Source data
━━━━━━

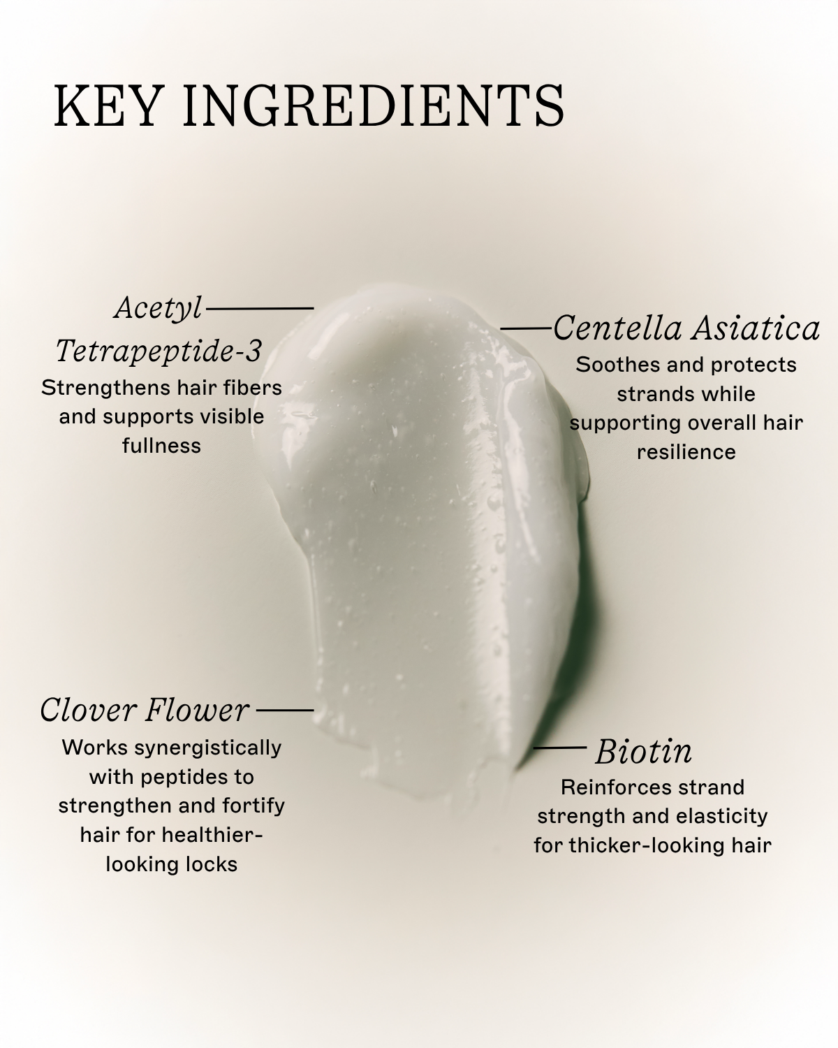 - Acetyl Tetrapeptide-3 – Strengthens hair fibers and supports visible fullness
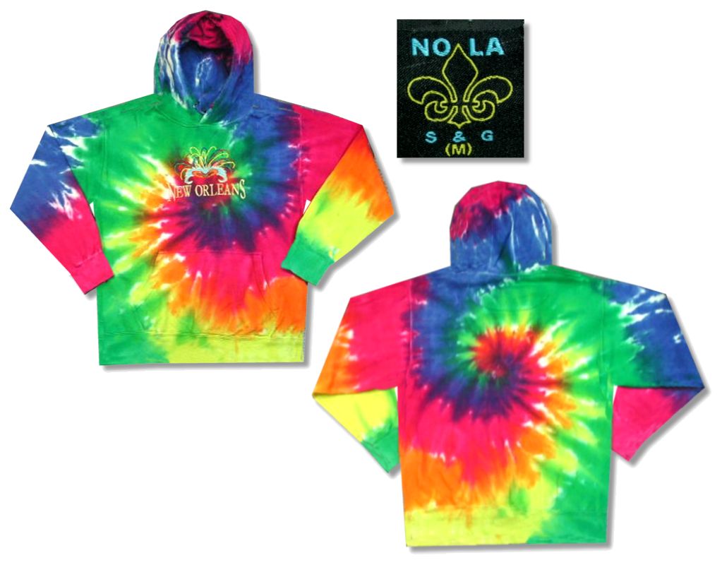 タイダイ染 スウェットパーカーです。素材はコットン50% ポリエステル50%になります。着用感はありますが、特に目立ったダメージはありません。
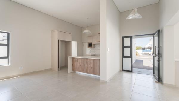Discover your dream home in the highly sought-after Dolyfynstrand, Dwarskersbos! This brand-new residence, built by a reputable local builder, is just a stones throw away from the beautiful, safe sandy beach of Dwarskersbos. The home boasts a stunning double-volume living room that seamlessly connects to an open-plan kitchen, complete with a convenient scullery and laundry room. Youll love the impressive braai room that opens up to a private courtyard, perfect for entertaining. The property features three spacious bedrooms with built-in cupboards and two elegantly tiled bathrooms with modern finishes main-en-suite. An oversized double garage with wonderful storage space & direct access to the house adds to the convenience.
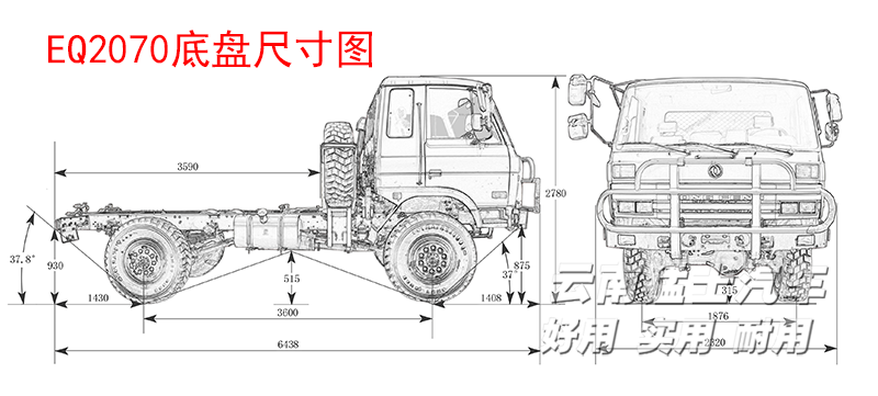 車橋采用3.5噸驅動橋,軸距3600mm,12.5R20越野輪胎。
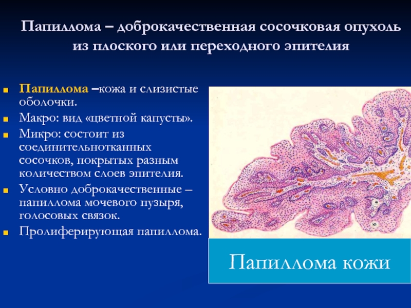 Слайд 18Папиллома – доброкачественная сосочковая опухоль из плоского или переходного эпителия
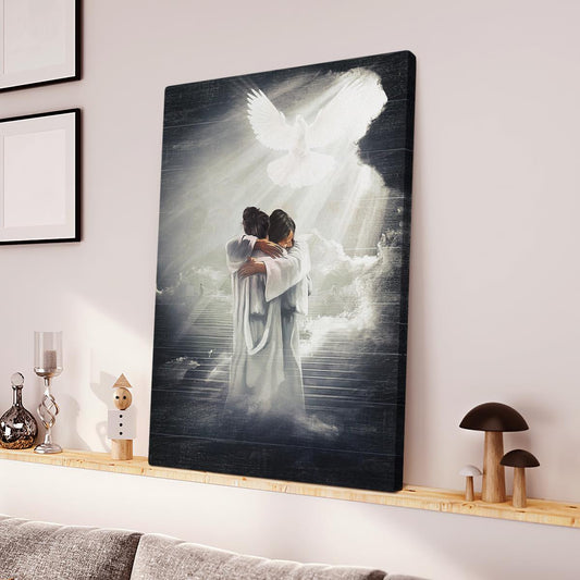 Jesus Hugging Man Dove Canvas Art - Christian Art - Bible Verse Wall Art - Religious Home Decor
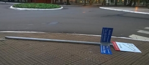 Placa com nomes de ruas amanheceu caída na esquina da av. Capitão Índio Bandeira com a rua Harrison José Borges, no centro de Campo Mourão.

━━━━━━

* _Problem description_: Every record, from top to bottom, gets written out exactly; no picture goes into the copy.

* _Response area_:
 - Acetyl Tetrapeptide-3 – Strengthens hair fibers and supports visible fullness
 タイダイ染 スウェットパーカーです。素材はコットン50% ポリエステル50%になります。着用感はありますが、特に目立ったダメージはありません。
Discover your dream home in the highly sought-after Dolyfynstrand, Dwarskersbos! This brand-new residence, built by a reputable local builder, is just a stones throw away from the beautiful, safe sandy beach of Dwarskersbos. The home boasts a stunning double-volume living room that seamlessly connects to an open-plan kitchen, complete with a convenient scullery and laundry room. Youll love the impressive braai room that opens up to a private courtyard, perfect for entertaining. The property features three spacious bedrooms with built-in cupboards and two elegantly tiled bathrooms with modern finishes main-en-suite. An oversized double garage with wonderful storage space & direct access to the house adds to the convenience.
 車橋采用3.5噸驅動橋,軸距3600mm,12.5R20越野輪胎。
 Слайд 18Папиллома – доброкачественная сосочковая опухоль из плоского или переходного эпителия
 Jesus Hugging Man Dove Canvas Art - Christian Art - Bible Verse Wall Art - Religious Home Decor
 Placa com nomes de ruas amanheceu caída na esquina da av. Capitão Índio Bandeira com a rua Harrison José Borges, no centro de Campo Mourão.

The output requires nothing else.